So here you have two different examples of how to generate quantile regressions. Now to see how well these coefficients can be identified using -qreg-, we can estimate series of CQR, and compared the coefficients with the True coefficients. Here an example:

. ** Model with random coefficients
. qui:qreg y_1 x1 x2, nolog

. qregplot x1 x2, cons  raopt( color(gs4%50)) q(5(5)95)

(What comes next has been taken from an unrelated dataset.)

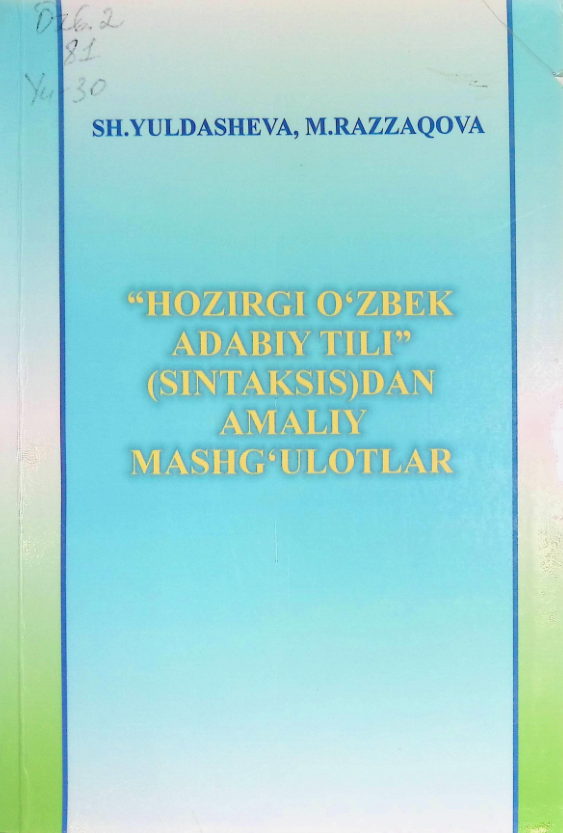 "Hozirgi o'zbek adabiy tili” (sintaksis)dan amaliy mashg'ulotlar

. addplot 1:line b1 tau100 if inrange(tau100,4,96), sort lwidth(1)

. addplot 2:line b2 tau100 if inrange(tau100,4,96), sort lwidth(1)

. addplot 3:line b0 tau100 if inrange(tau100,4,96), sort lwidth(1)

. graph export qdgp1.png, replace
(file qdgp1.png written in PNG format)

. ** Model with Heteroskedastic errors 
. qui:qreg y_2 x1 x2, nolog

. qregplot x1 x2, cons   raopt( color(gs4%50)) q(5(5)95)

. addplot 1:line g1 tau100 if inrange(tau100,4,96), sort lwidth(1)

. addplot 2:line g2 tau100 if inrange(tau100,4,96), sort lwidth(1)

. addplot 3:line g0 tau100 if inrange(tau100,4,96), sort lwidth(1)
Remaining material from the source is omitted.